In the listing that follows, find the line with "Ihre geräumige 1-Raum", then copy exactly from it through the line with "봐도 뭔지 모를 메뉴다.", leaving out every picture.
*** EXTRACTED RECORDS Section Begins ***
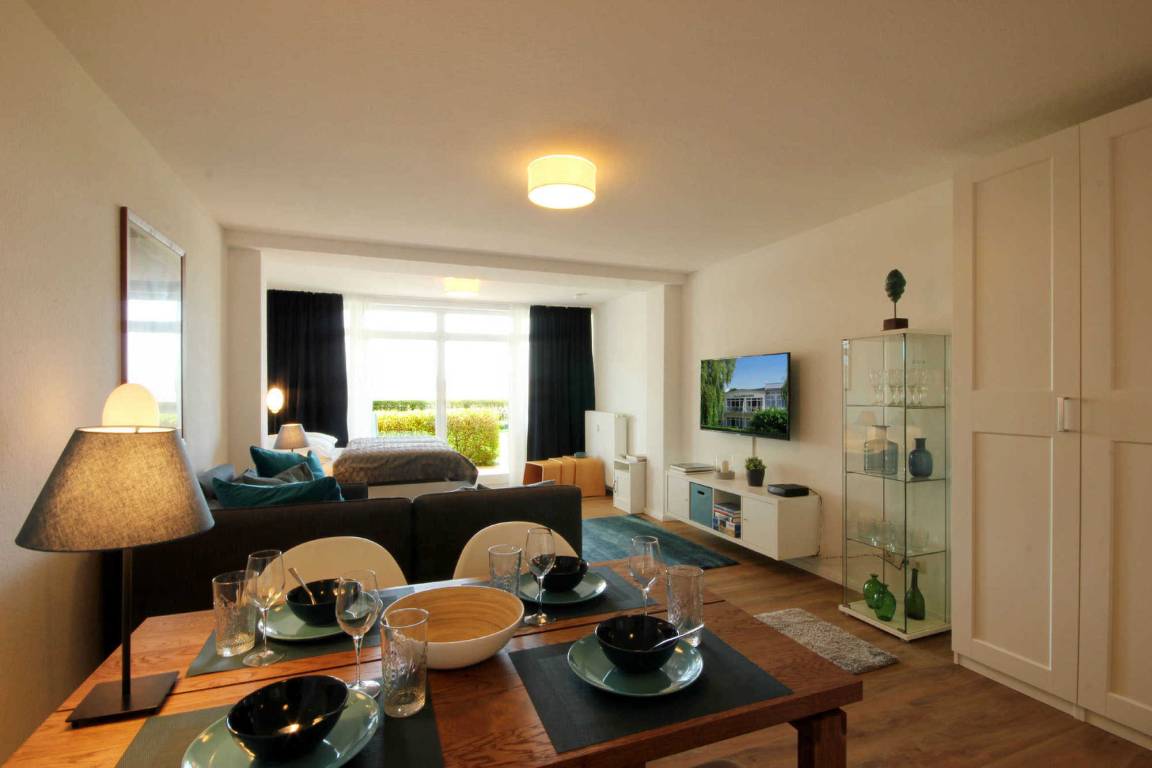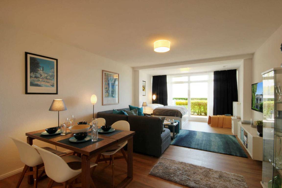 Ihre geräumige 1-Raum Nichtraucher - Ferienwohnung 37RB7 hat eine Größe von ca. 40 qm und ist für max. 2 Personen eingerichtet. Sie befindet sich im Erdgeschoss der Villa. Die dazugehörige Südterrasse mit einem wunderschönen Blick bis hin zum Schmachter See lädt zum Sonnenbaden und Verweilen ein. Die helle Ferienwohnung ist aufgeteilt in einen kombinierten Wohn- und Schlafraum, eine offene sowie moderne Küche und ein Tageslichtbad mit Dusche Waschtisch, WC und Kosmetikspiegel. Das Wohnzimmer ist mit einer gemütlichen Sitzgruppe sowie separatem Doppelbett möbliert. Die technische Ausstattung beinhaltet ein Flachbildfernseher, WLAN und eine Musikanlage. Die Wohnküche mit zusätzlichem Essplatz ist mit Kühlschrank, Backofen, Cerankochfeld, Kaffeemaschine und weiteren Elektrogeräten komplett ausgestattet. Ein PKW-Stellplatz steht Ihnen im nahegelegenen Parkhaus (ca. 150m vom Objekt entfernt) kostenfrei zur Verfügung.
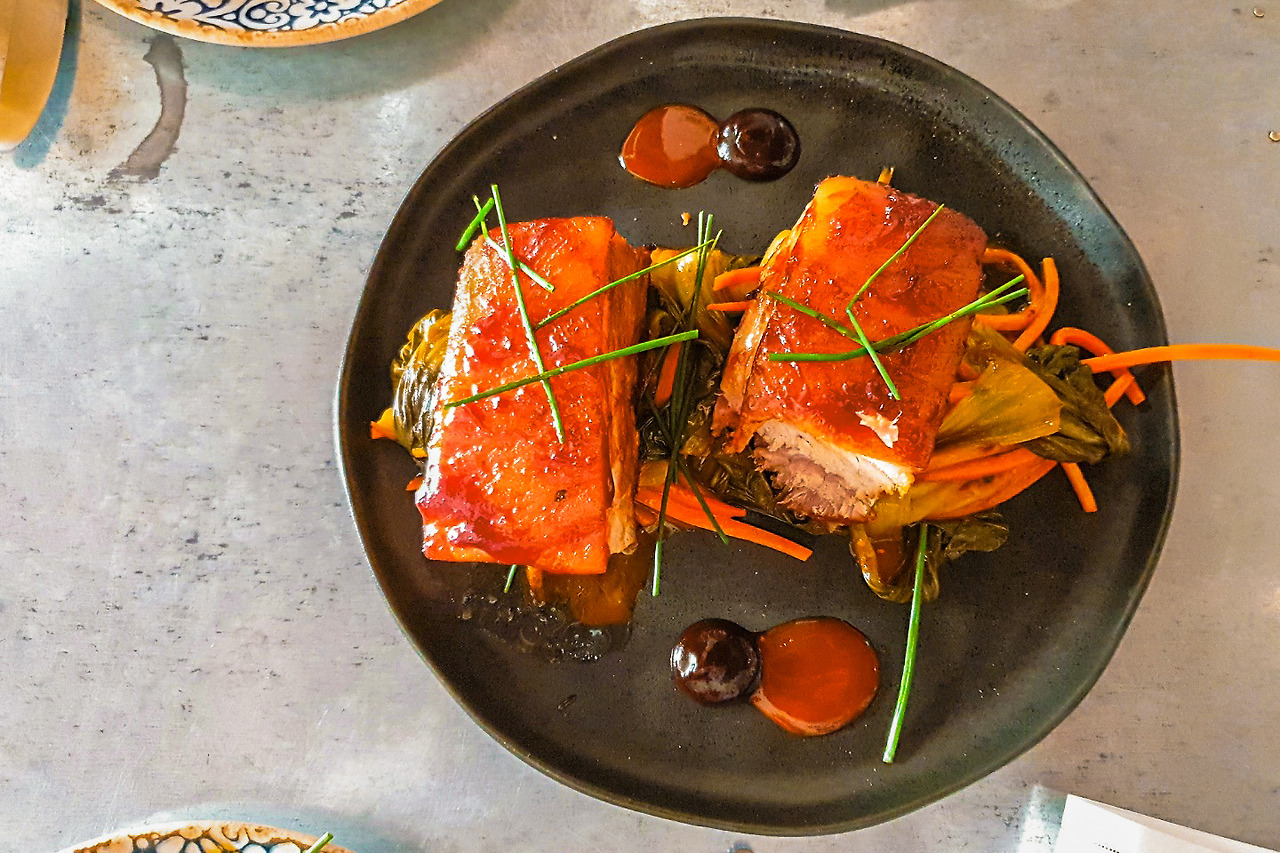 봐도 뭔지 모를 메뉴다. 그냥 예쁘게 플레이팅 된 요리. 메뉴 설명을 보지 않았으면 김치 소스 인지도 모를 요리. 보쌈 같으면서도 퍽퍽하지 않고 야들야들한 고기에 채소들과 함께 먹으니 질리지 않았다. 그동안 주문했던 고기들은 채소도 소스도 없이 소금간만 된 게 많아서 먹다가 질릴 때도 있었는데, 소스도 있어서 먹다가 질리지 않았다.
*** EXTRACTED RECORDS Section Ends ***
*** EXTRACTED RECORDS Section Begins ***
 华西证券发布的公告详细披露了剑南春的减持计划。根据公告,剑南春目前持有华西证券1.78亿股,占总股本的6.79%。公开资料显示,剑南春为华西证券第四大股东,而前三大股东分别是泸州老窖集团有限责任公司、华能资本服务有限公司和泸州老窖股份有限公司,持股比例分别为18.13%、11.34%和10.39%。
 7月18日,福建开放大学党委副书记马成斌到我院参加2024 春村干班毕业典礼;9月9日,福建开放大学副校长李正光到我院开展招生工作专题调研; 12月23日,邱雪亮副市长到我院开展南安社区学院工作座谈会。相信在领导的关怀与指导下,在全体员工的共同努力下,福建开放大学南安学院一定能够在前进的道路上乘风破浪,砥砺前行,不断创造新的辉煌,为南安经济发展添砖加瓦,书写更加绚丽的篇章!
*** EXTRACTED RECORDS Section Ends ***
*ANSWER FOR THIS EXERCISE*:
 Ihre geräumige 1-Raum Nichtraucher - Ferienwohnung 37RB7 hat eine Größe von ca. 40 qm und ist für max. 2 Personen eingerichtet. Sie befindet sich im Erdgeschoss der Villa. Die dazugehörige Südterrasse mit einem wunderschönen Blick bis hin zum Schmachter See lädt zum Sonnenbaden und Verweilen ein. Die helle Ferienwohnung ist aufgeteilt in einen kombinierten Wohn- und Schlafraum, eine offene sowie moderne Küche und ein Tageslichtbad mit Dusche Waschtisch, WC und Kosmetikspiegel. Das Wohnzimmer ist mit einer gemütlichen Sitzgruppe sowie separatem Doppelbett möbliert. Die technische Ausstattung beinhaltet ein Flachbildfernseher, WLAN und eine Musikanlage. Die Wohnküche mit zusätzlichem Essplatz ist mit Kühlschrank, Backofen, Cerankochfeld, Kaffeemaschine und weiteren Elektrogeräten komplett ausgestattet. Ein PKW-Stellplatz steht Ihnen im nahegelegenen Parkhaus (ca. 150m vom Objekt entfernt) kostenfrei zur Verfügung.
 봐도 뭔지 모를 메뉴다. 그냥 예쁘게 플레이팅 된 요리. 메뉴 설명을 보지 않았으면 김치 소스 인지도 모를 요리. 보쌈 같으면서도 퍽퍽하지 않고 야들야들한 고기에 채소들과 함께 먹으니 질리지 않았다. 그동안 주문했던 고기들은 채소도 소스도 없이 소금간만 된 게 많아서 먹다가 질릴 때도 있었는데, 소스도 있어서 먹다가 질리지 않았다.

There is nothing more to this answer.